C'est quoi un conversion lift test sur Facebook ? +
Un conversion lift test divise votre audience en deux groupes : un groupe test qui voit vos publicités, et un groupe témoin qui ne voit rien. Facebook mesure ensuite la différence de conversion entre les deux. Cela permet de savoir si vos campagnes génèrent vraiment des ventes supplémentaires, ou si ces conversions se seraient produites de toute façon. C'est particulièrement utile en période de tracking dégradé, comme après iOS 14. C'est aussi un prérequis pour obtenir une étude de cas officielle sur le site de Facebook.
Faut-il faire des promotions en dehors du Black Friday pour un e-commerce ? +
C'est la position de J7 Media : oui, à chaque mois idéalement. Saint-Valentin, Pâques, anniversaire de la boutique... L'idée est de coller chaque opération à une date mémorable, ce qui augmente l'efficacité de la campagne. Et une promotion ne signifie pas forcément un rabais - livraison gratuite, cadeau inclus à partir d'un certain montant, bundle exclusif - autant de façons d'augmenter la valeur perçue sans toucher au prix.
Qu'est-ce que le server-to-server tracking et pourquoi c'est urgent à préparer ? +
Le tracking server-to-server, ou Conversion API sur Facebook, consiste à envoyer les données de conversion depuis votre serveur directement vers Facebook, sans passer par le navigateur de l'utilisateur. Avec la fin annoncée des cookies tiers et les restrictions d'iOS, le pixel classique va progressivement perdre en fiabilité. En 2021, J7 Media estimait que d'ici fin 2021 à mi-2023 au plus tard, le tracking via navigateur ne suffirait plus. Les annonceurs qui ne s'y préparent pas risquent de perdre la visibilité sur leurs conversions.

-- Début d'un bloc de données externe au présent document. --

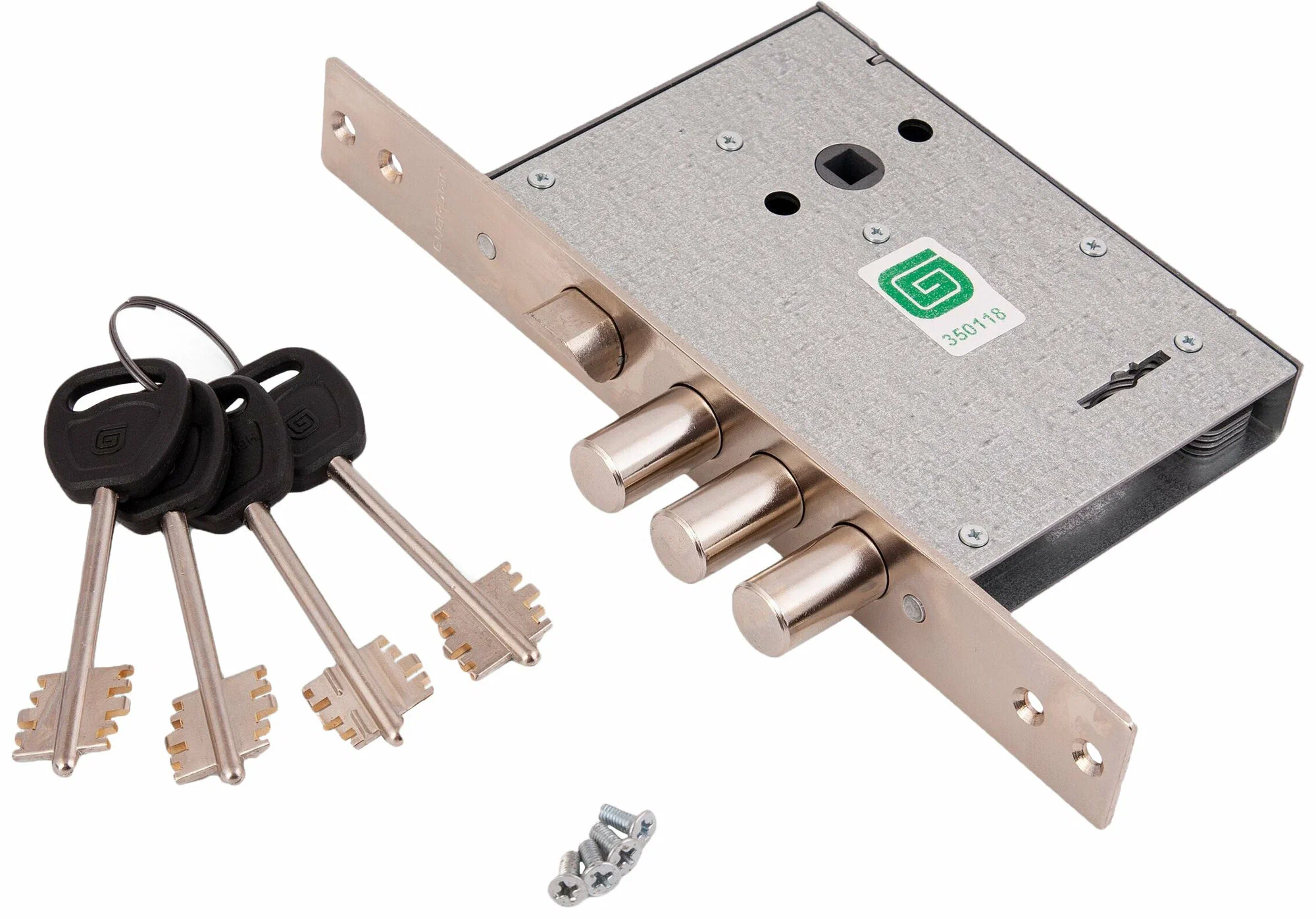 Врезной, сувальдный, 8 сувальд. 3 ригеля диаметром 15,8 мм, вылет - 26 мм. 2 класс (ГОСТ 5089-2011), более 1,6 млн комбинаций. В комплекте 4 ключа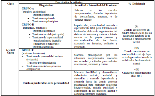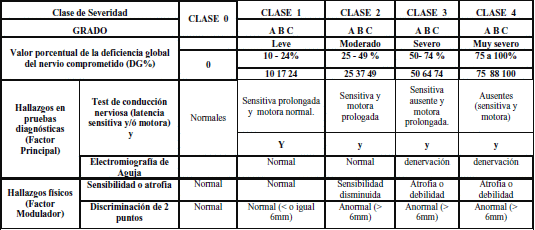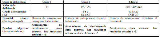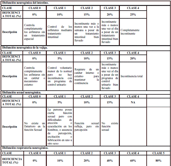 Tabla 2. Modelo genérico para las tablas de calificación de las deficiencias
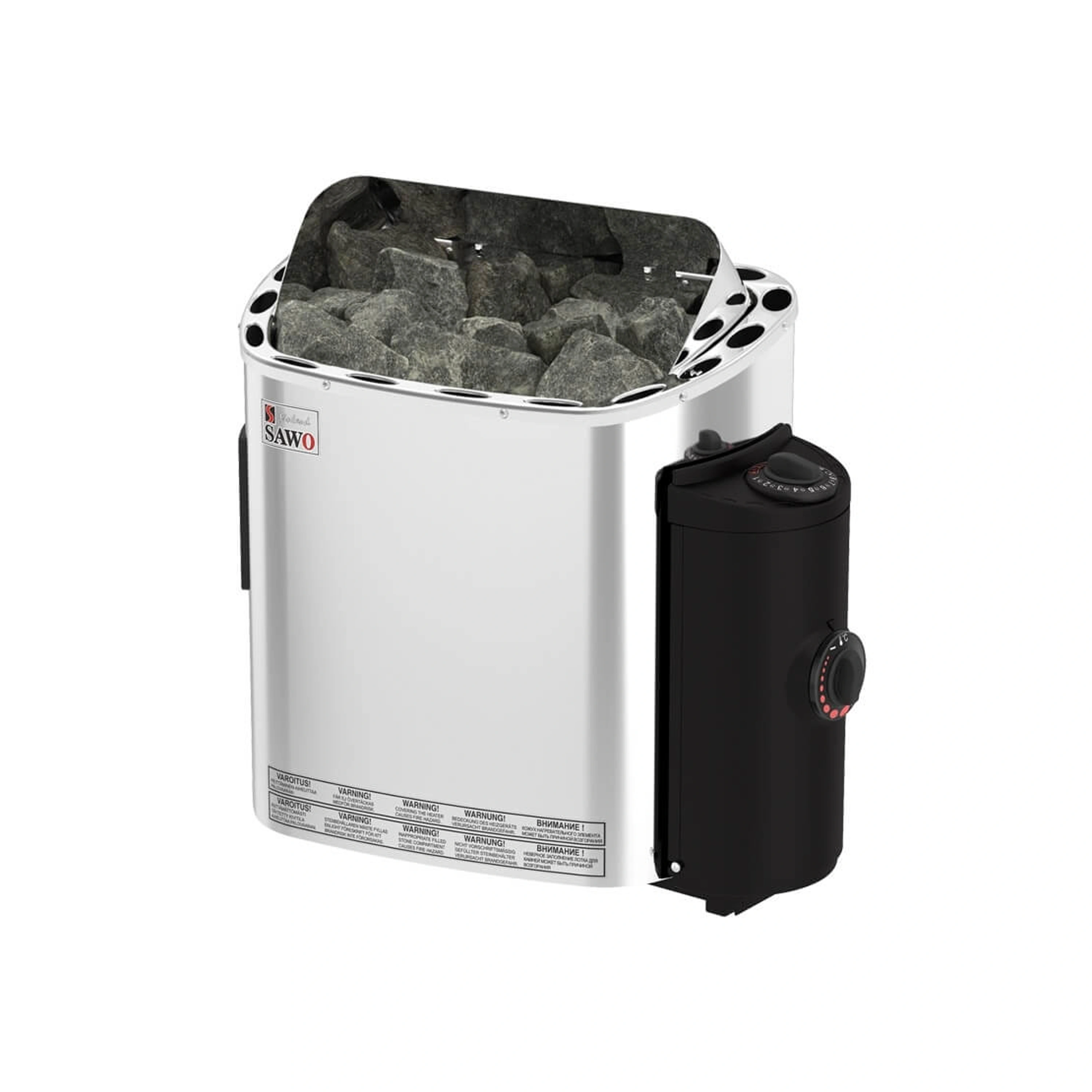 3. Vstavané ovládanie sa dá umiestniť na ich ľavú aj pravú stranu, Priestor pre lávové kamene 18 – 22 kg. Tieto saunové kachle umožňujú polievanie vodou. Súčasťou dodávky je prídavný tepelný kryt. Kryt chráni stenu za pecou a vedie teplý vzduch aj do spodnej časti saunovej miestnosti. Veľmi kvalitné spracovanie, testovaný výrobok. Saunové kachle sú vyrobené z nehrdzavejúcej ocele. Kachle sú dodávané bez prívodného kábla a bez lávových kameňov. Určené na montáž na stenu.
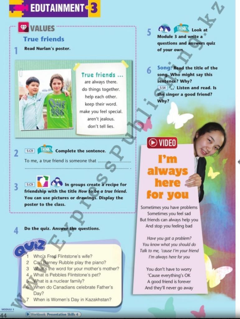 The picture shows friends Today's lesson topic is friends children playing about friends reads the text carefully and translates Answer For me, a friend is only the one who is honest with me, For me, a friend is only the one who is a kindred spirit. For me, a friend is the one who will not betray me listens to audio assembles puzzles in a team |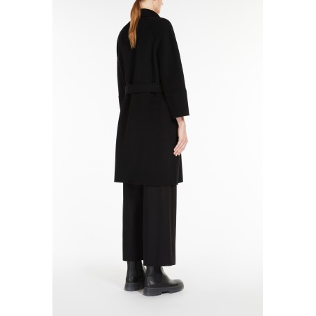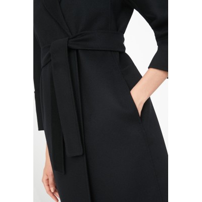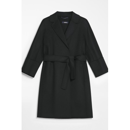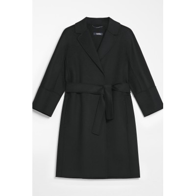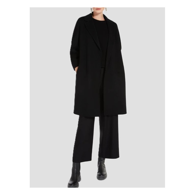 Short coat made of fine hand-stitched double pure wool fabric. Characterized by a wide line slightly closed at the bottom. Unlined model completed with small lapel collar, inset pockets on the sides, kimono sleeves on the front and raglan on the back. The matching belt at the waist allows you to highlight the silhouette. Made in Italy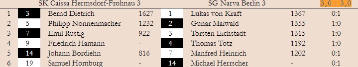 Die 3.Mannschaft kam zu einem 3:3 Unentschieden gegen Caissa Hermsdorf-Frohnau 3. Lukas gewann an Brett 1 – aber nicht wie im Script steht gegen Bernd Dietrich, sondern gegen Bernd Enderlein. Neuzugang Michael konnte direkt seine erste Partie gewinnen! Außerdem gewann auch Manfred. Gunar, Torsten und Thomas musste sich DWZ-schwächeren leider geschlagen geben.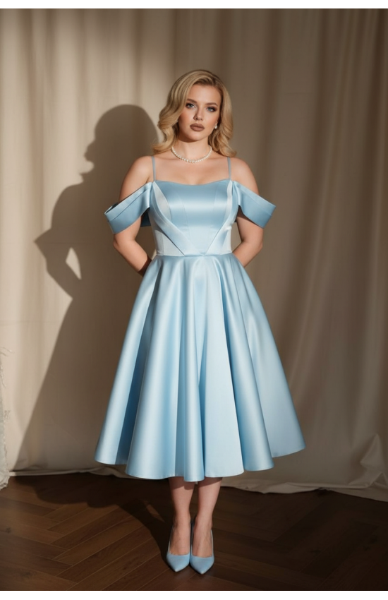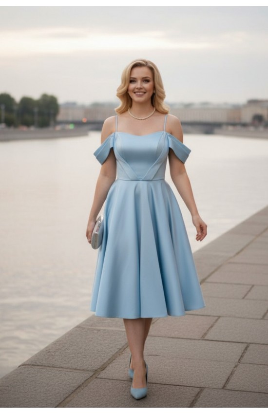 Платье голубого цвета на корсете с расклешенной юбкой. Корсет на косточках, на молнии и на завязках. По лифу корсета спереди - декоративные планки, которые сходятся на талии и создают эффект тонкой талии. Широкие лямки прикрывают плечи. Есть, регулируемые по росту, бретельки. Подклад с фатином для пышности юбки. Длина платья миди. Ткань: атлас микадо, хорошо держит форму, с легким и благородным блеском

Les certifications Facebook Ads valent-elles vraiment la peine ? +
Selon J7 Media, oui - à condition de se préparer sérieusement. Leurs propres employés les ont trouvées difficiles malgré une expérience terrain solide. Les certifications Media Buying, Media Planning et Marketing Associate couvrent des fonctionnalités souvent ignorées dans la pratique quotidienne. Pour une agence ou un freelance, elles signalent aussi un niveau de rigueur dans un secteur sans barrière formelle à l'entrée.